On a recent trip to Haiti, Bruce Compton, senior outreach coordinator for the Catholic Health Association, found that three of the four hospitals he visited had X-ray equipment sitting unused in the waiting room. The unused equipment would not benefit any patient—not then, not ever. The equipment had been donated by well-intentioned healthcare facilities in the United States.  The best of intentions can result in harm—toxic materials, excessive waste, and potential exposure to the community, not to mention a lot of manpower to get it from the donating hospital to the recipient.  

Catholic Health Association’s April 2011 study “CHA Medical Surplus Donation Study: How Effective Surplus Donation Can Relieve Human Suffering” highlights the harsh reality that the majority of donated equipment and supplies go unused. The grant-funded report explains the complexity of the issue and calls for a closer look and action around responsible donation to ensure safety, environmental benefit, and value to all parties.
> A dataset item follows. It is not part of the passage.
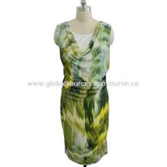 女士时尚印花无袖移调连衣裙,环领口
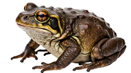 A majestic, life-like American Bullfrog, Lithobates catesbeianus, sitting attentively. Isolated on Transparent and White Background

This is the first step in identifying a solution so that best intentions result in successful donation and reuse. 

 

Hospital perspective

Hospitals, long-term care facilities, private practices, and manufacturers can be excellent sources of equipment and supplies, usually due to upgrades, renovations, and moves. Equipment donation appears to help hospitals do the right thing, improve environmental impact, and avoid hefty waste fees. Many hospitals have set lofty recycling and diversion goals, and strive for top honors through award programs like Practice Greenhealth’s Environmental Excellence Awards.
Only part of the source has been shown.